# MX 5000 Kubota not moving



## Frank T (Jan 2, 2021)

Hello all. I have this problem last yr, that the engine and every thing working, but it does not have power to run on higher gear, it barely move on 1st gear. I took it to the dealer last yr, they told me they adjust something in the transmission, it work fine for a yr, now it does it again, now I don't have a trailer to move it no more, so I am searching for help, any help I would appreciate. My tractor is a MX5000 Kubota I can up load a picture if needed to zoom in certain part or sections


----------



## Fedup (Feb 25, 2014)

More than likely what was adjusted was the clutch pedal free play. I suspect from your description of the problem that you currently have none. You stated it's happened before, was adjusted, and now it's happened again. Another adjustment might get you going again, but be aware that operating the tractor in this condition takes significant life out of the clutch disc. You may have already gone over the edge on that count. 

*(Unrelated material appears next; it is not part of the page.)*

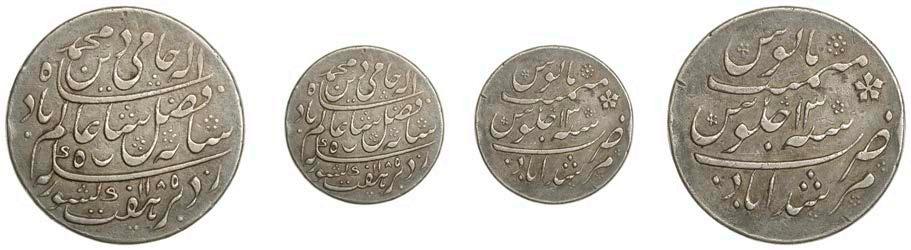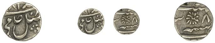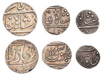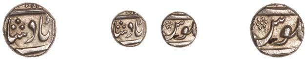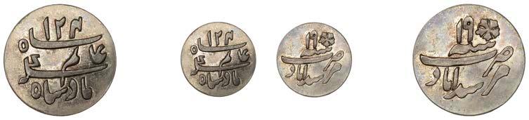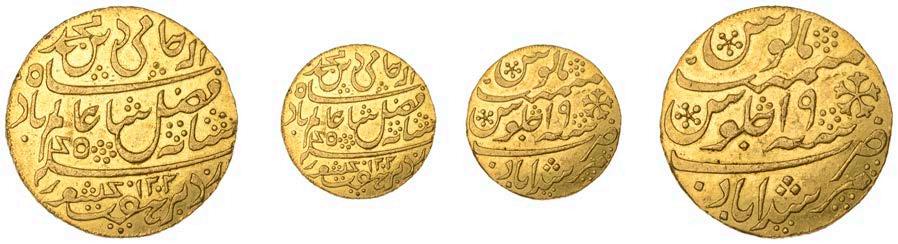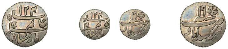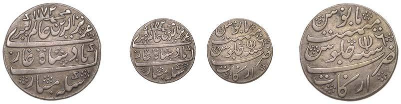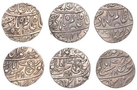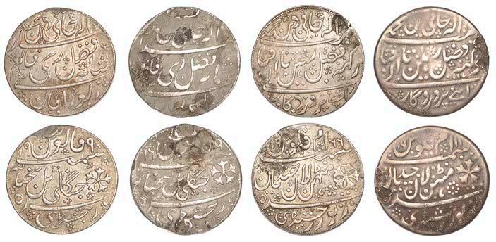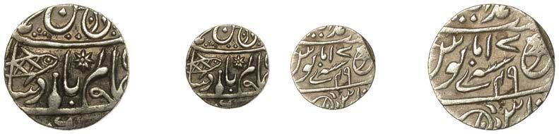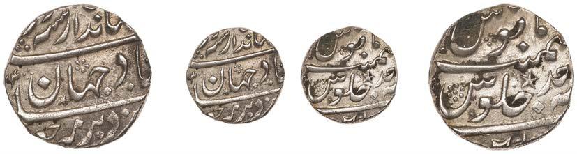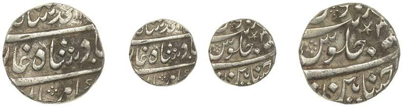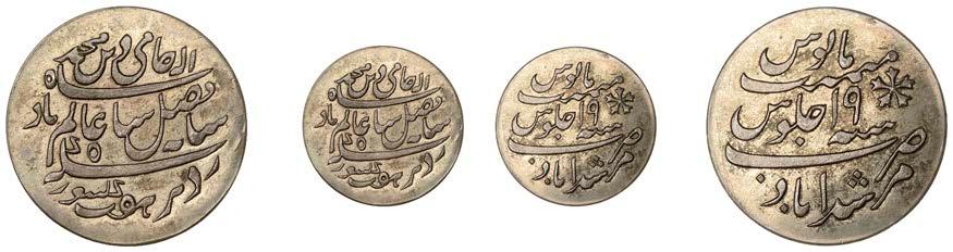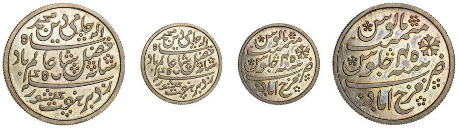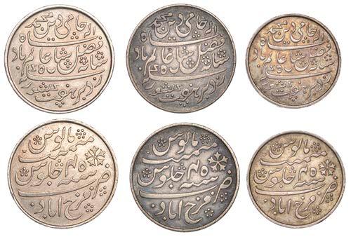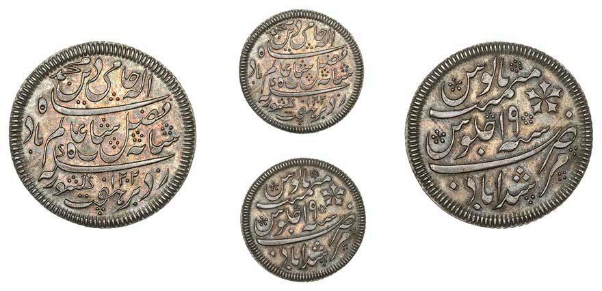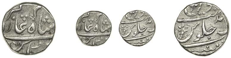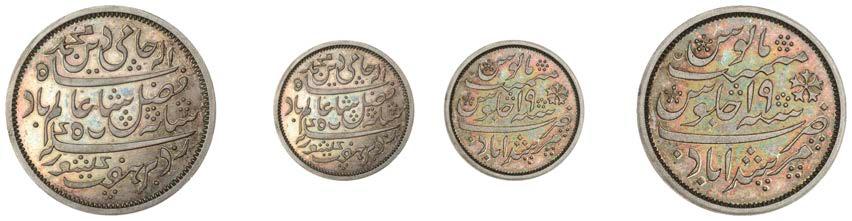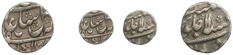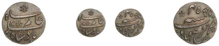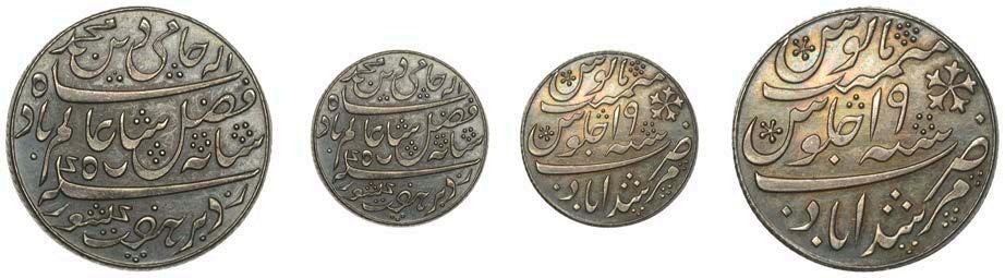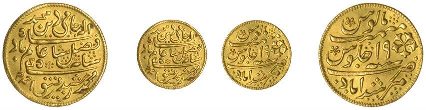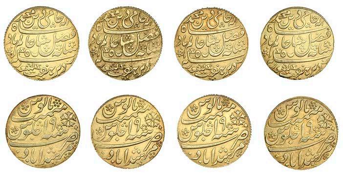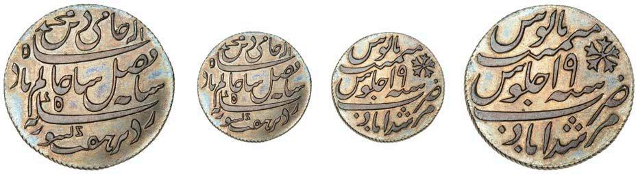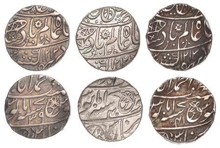 •The Farrukh Siyar and Muhammad Shah quarter-rupees struck from specially prepared dies (Lots 72-73) are special coins containing the complete legends.

Do you have or have access to an owner's manual for the tractor? That should cover the clutch free play adjustment procedure. Checking/making that adjustment should be your next step.


----------



## Frank T (Jan 2, 2021)

Fedup said:


> More than likely what was adjusted was the clutch pedal free play. I suspect from your description of the problem that you currently have none. You stated it's happened before, was adjusted, and now it's happened again. Another adjustment might get you going again, but be aware that operating the tractor in this condition takes significant life out of the clutch disc. You may have already gone over the edge on that count.
> 
> Do you have or have access to an owner's manual for the tractor? That should cover the clutch free play adjustment procedure. Checking/making that adjustment should be your next step.


----------



## Frank T (Jan 2, 2021)

I'll try to search for the manual online, the original one I kept it in the brush hog's tube, but it got stolen with the tractor one, the police has since recovered my tractor but no brush hog


----------



## Fedup (Feb 25, 2014)

Well if you don't have a manual, the general "rule of thumb" I go by is 1 to 1 1/2 inches of free travel. That applies to MOST dry clutch tractors. By free travel I mean how far can I push the pedal down with two fingertips? I'm just guessing at this point, but yours is probably much less than that, maybe even nonexistent. The adjustment will be a rod connecting the pedal to a lever attached to a shaft going into the clutch housing. The rod is threaded on one end with a clevis and a clevis pin. Threading the clevis on or off the rod changes the free travel adjustment. On your tractor it may be under the floor plate near the pedal, it may be hidden under a panel or cover in the steering column area. You just have to look for it. If the adjustment gets you going again, great. If not, you may be looking at a clutch repair.


----------



## Frank T (Jan 2, 2021)

Fedup said:


> Well if you don't have a manual, the general "rule of thumb" I go by is 1 to 1 1/2 inches of free travel. That applies to MOST dry clutch tractors. By free travel I mean how far can I push the pedal down with two fingertips? I'm just guessing at this point, but yours is probably much less than that, maybe even nonexistent. The adjustment will be a rod connecting the pedal to a lever attached to a shaft going into the clutch housing. The rod is threaded on one end with a clevis and a clevis pin. Threading the clevis on or off the rod changes the free travel adjustment. On your tractor it may be under the floor plate near the pedal, it may be hidden under a panel or cover in the steering column area. You just have to look for it. If the adjustment gets you going again, great. If not, you may be looking at a clutch repair.


----------



## Frank T (Jan 2, 2021)

Whoaaaa, such a kind person you're sir. I'll keep this and follow, will search for it tomorrow. Very much appreciated sir. Happy new yr to you and to the forum


----------



## Ed Williams (Jun 13, 2019)

Frank T said:


> I'll try to search for the manual online, the original one I kept it in the brush hog's tube, but it got stolen with the tractor one, the police has since recovered my tractor but no brush y


Check under the Manuals section of this forum. Scroll down to Kubota and see if there is one for you.


----------



## Frank T (Jan 2, 2021)

Hello again, I have adjust the clutch peddal of tension, I get more power, as I noticed mow my RPM is slow moving up, and when shut down the engine, the RPM needle is not going down until few hrs later. Could this be my Transmission/hydraulic filter clog up?


----------



## Frank T (Jan 2, 2021)

Ed Williams said:


> Check under the Manuals section of this forum. Scroll down to Kubota and see if there is one for you.


----------



## Frank T (Jan 2, 2021)

Thank you for the heads up sir


----------